Real-time worker and job monitoring dashboard

Dashboard


Architecture

┌──────────────────────────────────────────────────────────────┐
│                          CLIENT                              │
│        curl / HTTP / Dashboard / Any HTTP client             │
└────────────────────────────┬─────────────────────────────────┘
                             │  HTTP
                             ▼
┌──────────────────────────────────────────────────────────────┐
│                     API SERVER  :8081                        │
│                                                              │
│   GET  /           ──►  Dashboard (embedded static UI)       │
│   POST /jobs       ──►  Registry.PickWorker()                │
│                          │                                   │
│                   least-loaded worker?                       │
│                   ┌──────┴──────┐                            │
│                  YES            NO                           │
│                   │              │                           │
│                   ▼              ▼                           │
│           HTTP Dispatch     RabbitMQ Queue                   │
│           (fast path)       (reliable fallback)              │
│                                                              │
│   GET /workers  ──►  Registry.List() snapshot                │
│   GET /events   ──►  Event ring (last 100 job events)        │
│                                                              │
│   gRPC :50051  ◄──  Workers (Register / Heartbeat)           │
└────────┬─────────────────────────┬───────────────────────────┘
         │ gRPC                    │ HTTP
         │ Register / Heartbeat    │ POST /dispatch
         ▼                        ▼
┌──────────────────┐     ┌──────────────────┐
│  WORKER NODE 1   │     │  WORKER NODE 2   │
│  :9001           │     │  :9002           │
│                  │     │                  │
│  Heartbeat 5s    │     │  Heartbeat 5s    │
│  RabbitMQ consumer     │  RabbitMQ consumer
└────────┬─────────┘     └────────┬─────────┘
         └──────────┬─────────────┘
                    │ AMQP
                    ▼
       ┌────────────────────────┐
       │       RabbitMQ         │
       │  jobs queue + DLQ      │
       │  :5672  │  UI :15672   │
       └────────────────────────┘

Control plane — gRPC (Worker → API)

Workers initiate all control traffic. On startup each worker dials the API's gRPC server, registers its dispatch address, then enters a heartbeat loop every 5 seconds. The API maintains an in-memory registry and evicts any worker that hasn't heartbeated within 15 seconds. This means the API always has a consistent, live view of the fleet without polling.

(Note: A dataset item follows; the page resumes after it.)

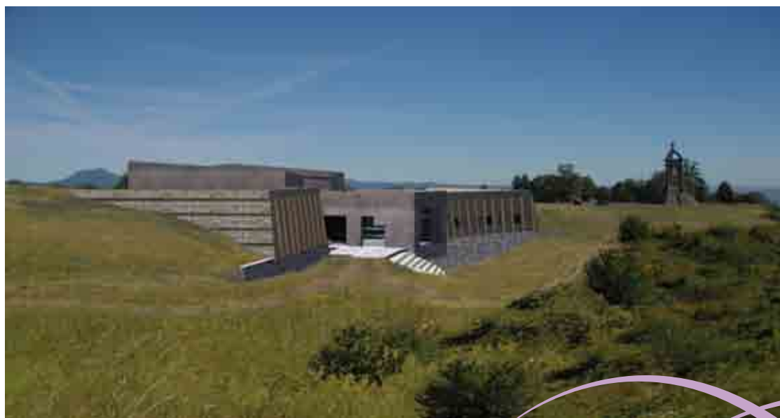
Simulation du futur équipement. Vue depuis le sud du plateau de Gergovie

* CAUE : Conseil d'Architecture, d'Urbanisme et de l'Environnement ; ABF : Architecte des Bâtiments de France ; SRA : Service Régional de l'Archéologie ; DREAL : Direction Régionale de l'Environnement, de l'Aménagement et du Logement.

Data plane — HTTP (API → Worker)

When a job arrives the API scores every alive worker by current load and POSTs the job directly to the least-loaded one's /dispatch endpoint. No queue round-trip, no broker latency. If no workers are alive, or if dispatch fails for any reason, the job is published to RabbitMQ so it will be picked up as soon as capacity is available.

Reliability layer — RabbitMQ

Every worker also consumes from the same RabbitMQ queue. Jobs that cannot be dispatched directly, or that fail during processing, are retried up to 3 times. After 3 failed attempts they are moved to a Dead Letter Queue for inspection — nothing is silently dropped.


Key Design Decisions

Why gRPC for the control plane and HTTP for dispatch? Control messages (register, heartbeat) are low-volume, structured, and benefit from the strong typing and streaming primitives of gRPC. Job dispatch is higher-volume, payload-heavy, and simpler to implement and debug over plain HTTP/JSON. Separating the two planes also means you can evolve each independently.

Why in-memory registry instead of Redis? For a single-node deployment, an in-memory registry with TTL-based expiry is simpler, faster, and has no external dependency. The heartbeat protocol provides the same consistency guarantees as a distributed cache — if a worker stops heartbeating, it's evicted within one TTL window. Redis becomes the right call when you need the registry to survive API restarts or scale across multiple API nodes.

Why least-loaded routing instead of round-robin? Workers report a live load counter with every heartbeat. Routing to the least-loaded worker is a 5-line change that meaningfully reduces tail latency under uneven workloads — and is a more accurate reflection of real capacity than a simple counter.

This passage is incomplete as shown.